Supraglacial meltwater lakes trigger ice-shelf break-up and modulate seasonal ice-sheet flow, and are thus agents by which warming is transmitted to the Antarctic and Greenland ice sheets. To better characterize the range of supraglacial lake variability, a comparative analysis was performed of lake geometry and derived depth using Landsat image reflectance in two distinct regions: one on the pre-collapse (2002) Larsen B Ice Shelf, Antarctica, and the other in the ablation zone of Paakitsoq, a land-terminating region of the Greenland ice sheet. However, this data set only addresses the analysis done on the Larsen B Ice Shelf (Banwell 2014).

On the pre-collapse (2002) Larsen B Ice Shelf, where surface elevations are relatively uniform, surface lakes cover a greater proportion of surface area (5.3 percent vs. 1 percent), but tend to be shallower and more uniform in area, than for lakes in the Paakitsoq Region of Greenland. Other aspects of lake geometry, such as ellipticity of shape, degree of convexity (solidity), and orientation relative to flow direction, are relatively similar between the two regimes. We attribute the notable difference in lake density and depth between ice-shelf and grounded ice to the fact that ice shelves offer a less distinct surface elevation variability with which to divide the region into distinct, large-scale basins of hydrologic drainage. Ice shelves also possess more stimuli to small-scale, localized surface elevation variability due to the various structural features that yield small variations in thickness and which float at different levels by Archimedes' principle. We speculate that lakes on the Larsen B Ice Shelf may be interconnected dynamically via the flexural response to the ice shelf when one or more lakes drain (Banwell 2014).
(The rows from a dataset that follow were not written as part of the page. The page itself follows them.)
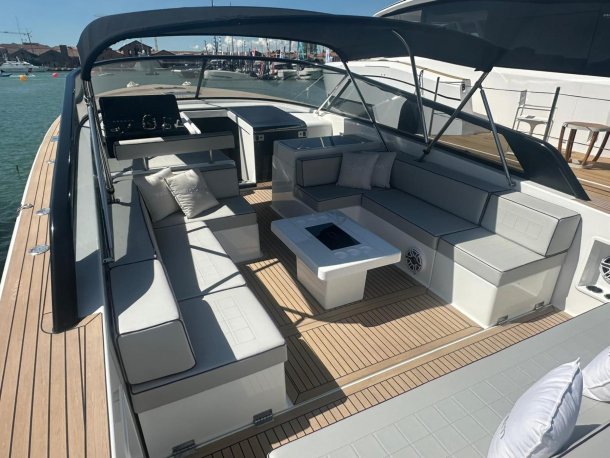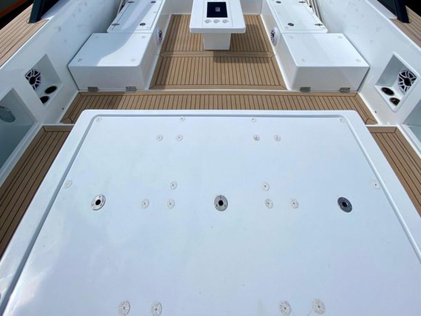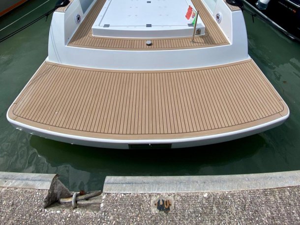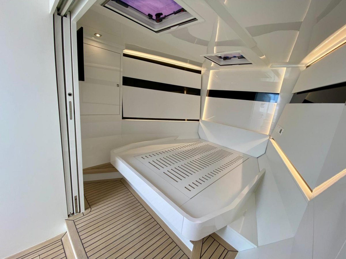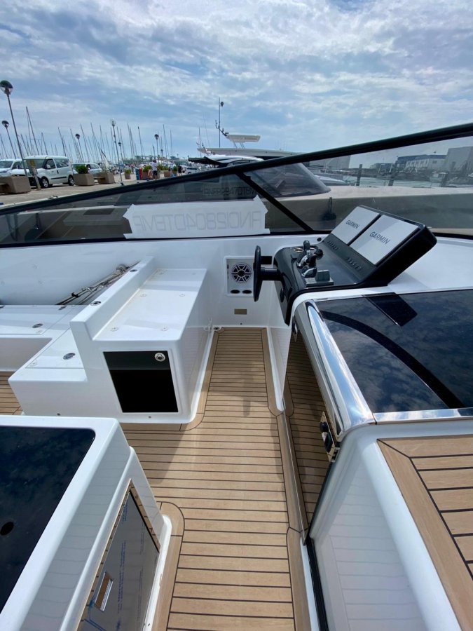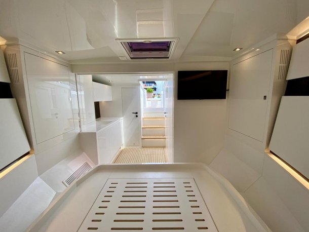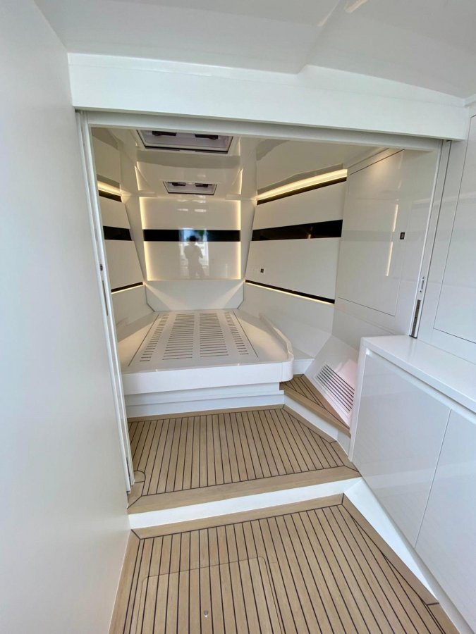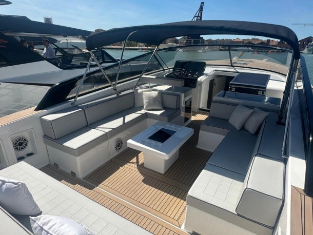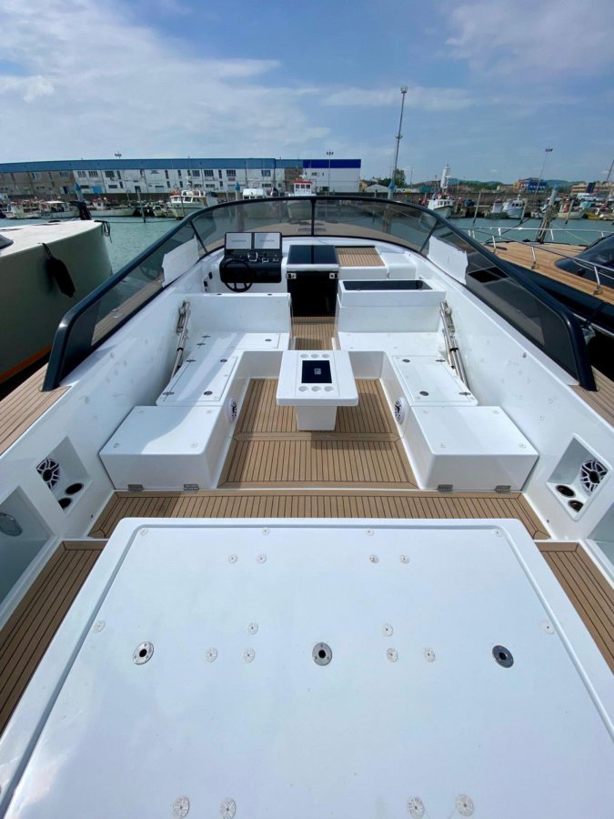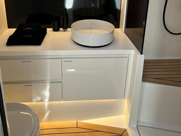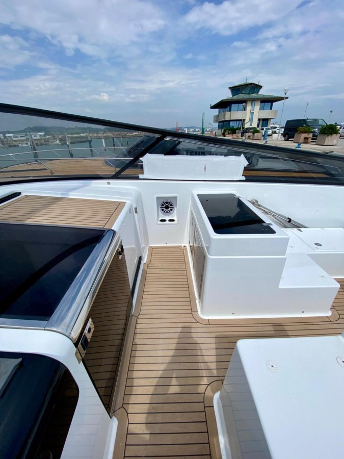 Haar scherpe, architectonische profiel en langgerekte boeg vormen een iconische aanwezigheid op het water, terwijl het uitgestrekte open-air dek een naadloze verbinding biedt tussen ontspanning en prestaties. Elke lijn weerspiegelt het kenmerkende DNA van het merk, waar verfijnde esthetiek en intelligente functionaliteit in perfecte balans samenkomen.
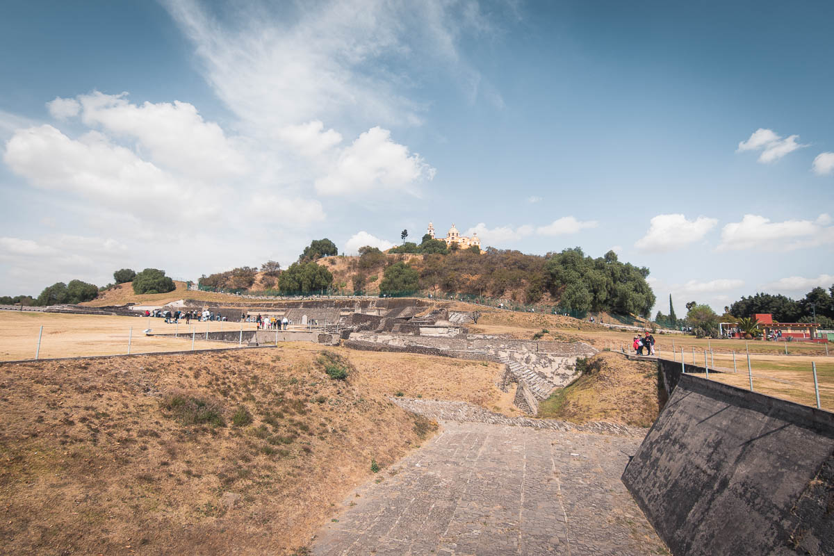 Samedi matin, les allemands de mon auberge se rendent à Cholula, une ville à quelques kilomètres de là. C’était, avant l’arrivée des espagnols, la ville la plus importante de la région. C’est là que se trouve la plus grande pyramide du monde (pas la plus haute mais la plus grande en superficie). Mais elle n’est pas facile à distinguer, on dirait plutôt une colline qu’une pyramide. La preuve, les espagnols ne s’en sont pas rendu compte de suite et on construit une église par dessus. On grimpe jusqu’à l’église. De là on a une vue sur la ville et au loin on aperçoit deux volcans: le volcan Popocatepetl (qui est entré en éruption quelques jours plus tard) et le volcan Iztaccihuatl.
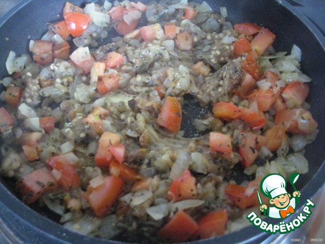 На разогретой сковороде с добавлением масла, потушить лук, помидоры (5-7 мин.),
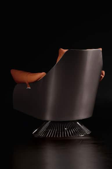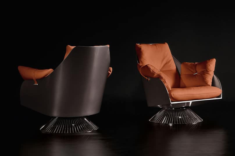 Anche le cuciture dei cuscini, che sono a vista, sono curatissime nei minimi dettagli: l’accurata selezione di qualità e colore del filo delle cuciture a contrasto sulla pelle sono l’ennesimo dettaglio che fa della poltrona girevole Gloss un prodotto di vera e propria sartoria nel mondo dell’arredamento.
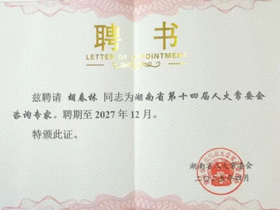 喜訊 | 胡春林董事長受聘擔任湖南省第十四屆人大常委會咨詢專家
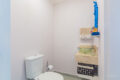Complementando o ambiente de serviço, há uma despensa repleta de prateleiras.
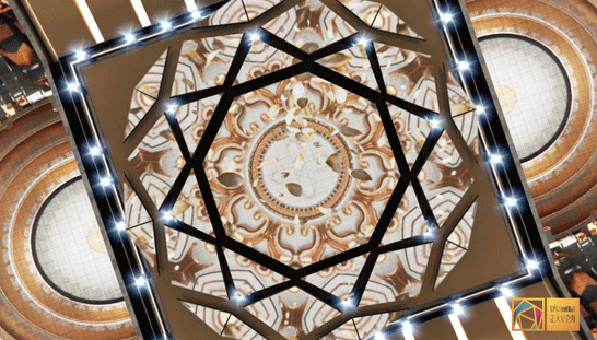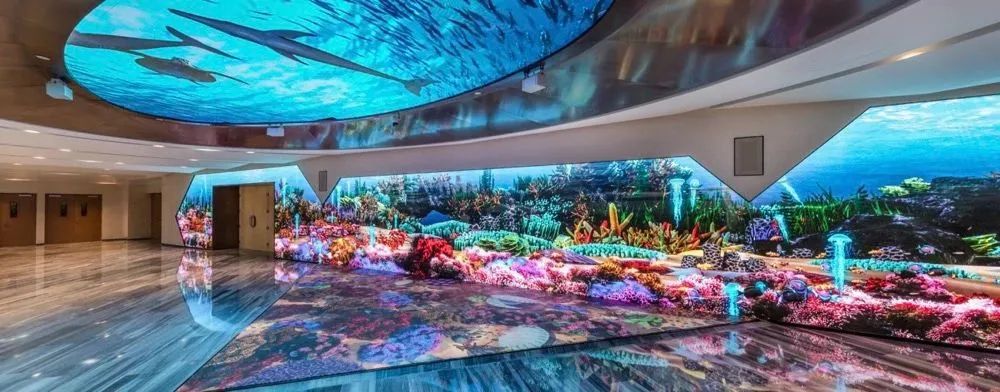 宴会厅前厅:配备了房顶、墙壁和地面融合组成的巨型交互式屏幕。使用今年会·(jinnianhui)金字招牌VED系列P2.5LED小间距屏幕,不仅能完美地呈现各种特效,还可结合虚拟现实技术来使用。
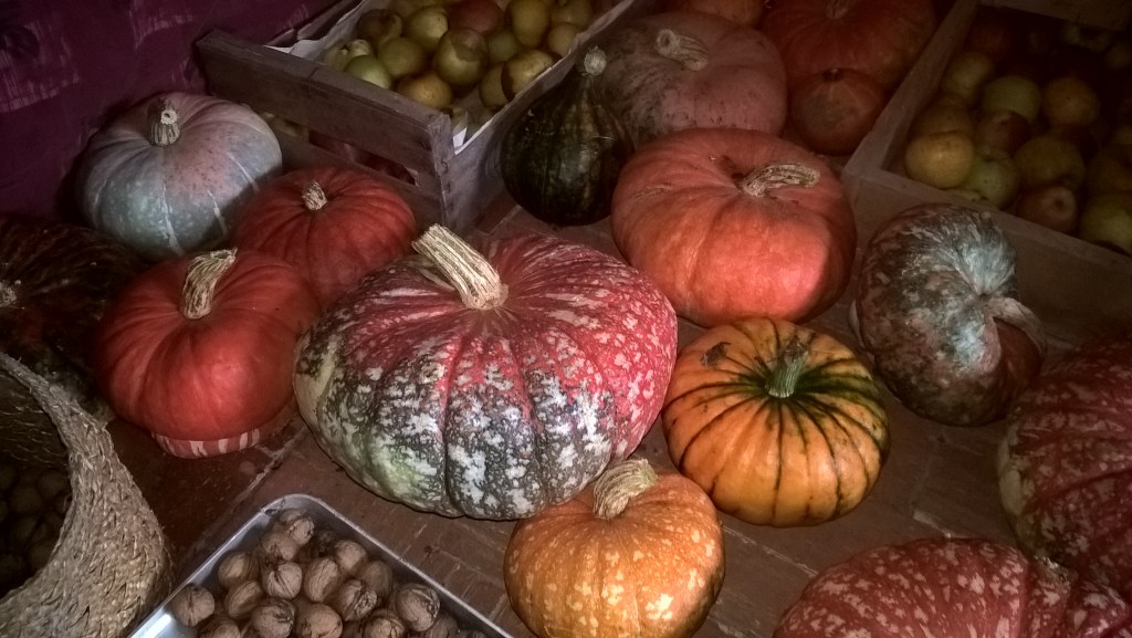 Courges: 3€/kg. Pour cette semaine automnale… des potimarrons, butternuts ou buttercups
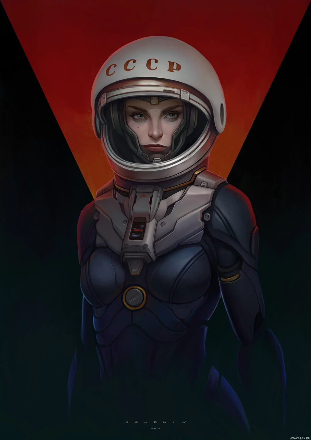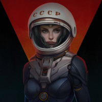The image features an illustrated character wearing a white astronaut helmet with the CCCP inscription, which is the abbreviation for the Union of Soviet Socialist Republics. The character is depicted in a full space suit with detailed design elements and is set against a backdrop that suggests a sci-fi or space theme.
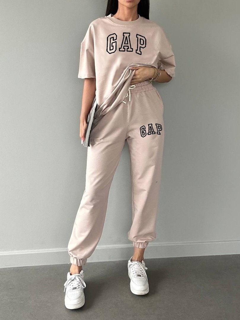 Молодежный спортивный костюм с качественным накатом двухнить футболка+штаны беж
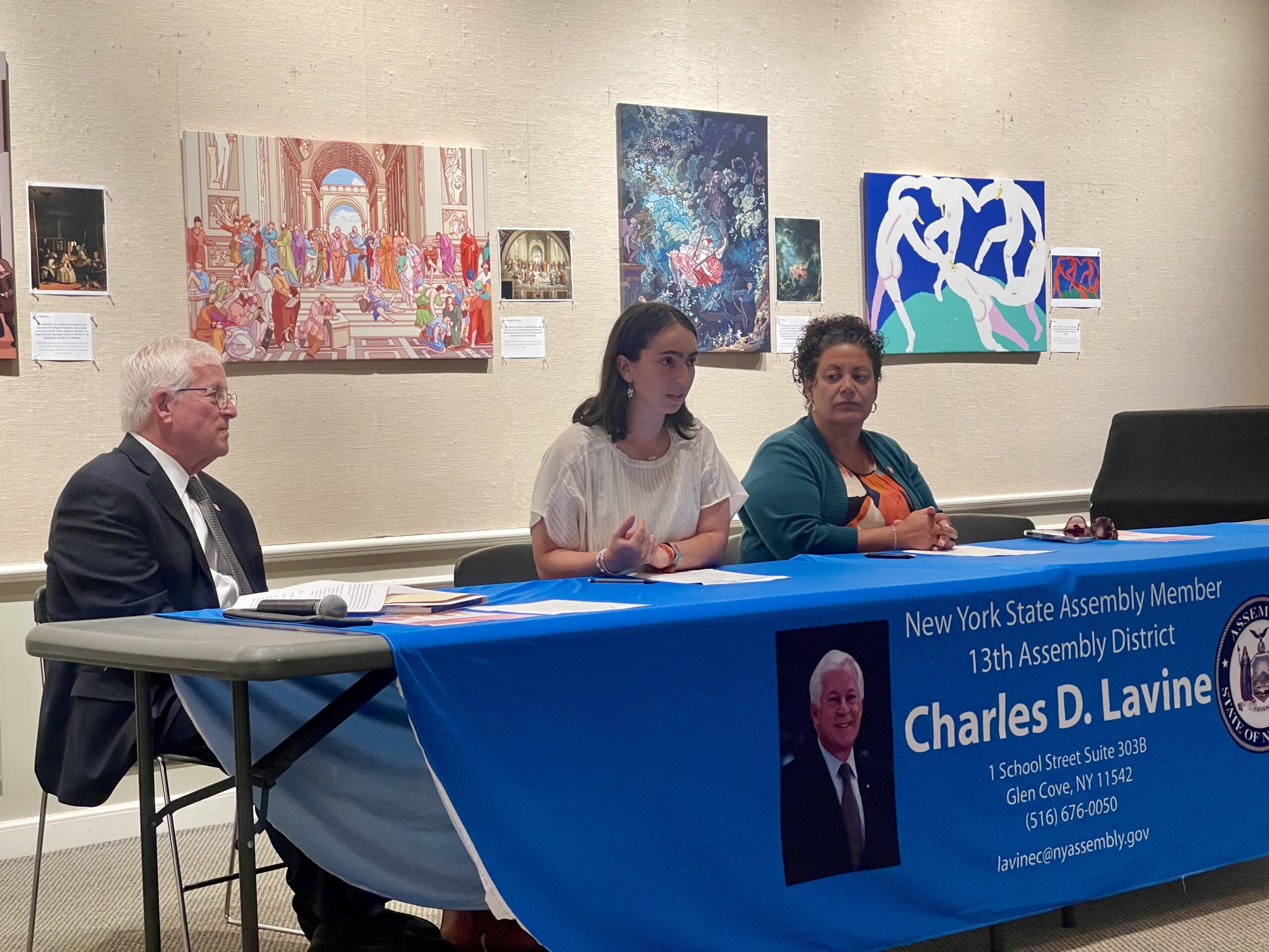 For the first meeting at the Bryant Library, Lavine was joined by state Assembly Member Gina Sillitti, Democratic Committeeman Robert Zimmerman, state Senate District 7 candidate Kim Keiserman and Arlo Fleischer, the Nassau Regional Organizer of the New York Civil Liberties Union.

The major goal of this study was to assess the role of surface melting on ice shelves as a potential driver of ice-shelf instability and collapse. However, there are six sub-goals that were also identified:

  • energy balance modeling of ice-shelf surfaces, with treatment of standing water bodies such as ponds and water-filled crevasses
  • firn water percolation modeling to assess water retention in standing bodies and to assess brine infiltration from the ice front and from crevasses open to seawater from below
  • analysis (through theoretical models and observation) the evolution of surface roughness on ice shelves, as roughness features are likely to be the attractors of surface meltwater bodies
  • mass loading and flexure effects, particularly emphasizing flexure effects leading to fracture, fragmentation and damage that could eventually play into ice-shelf collapse
  • Surface pond and crevasse convection
  • Basal crevasse thermohaline convection (Banwell 2014).

The pursuit of these goals is intended to eventually address the objective of identifying and understanding environmental enabling conditions that trigger ice-shelf instability (Banwell 2014).


Network Common Data Form (netCDF) (.nc)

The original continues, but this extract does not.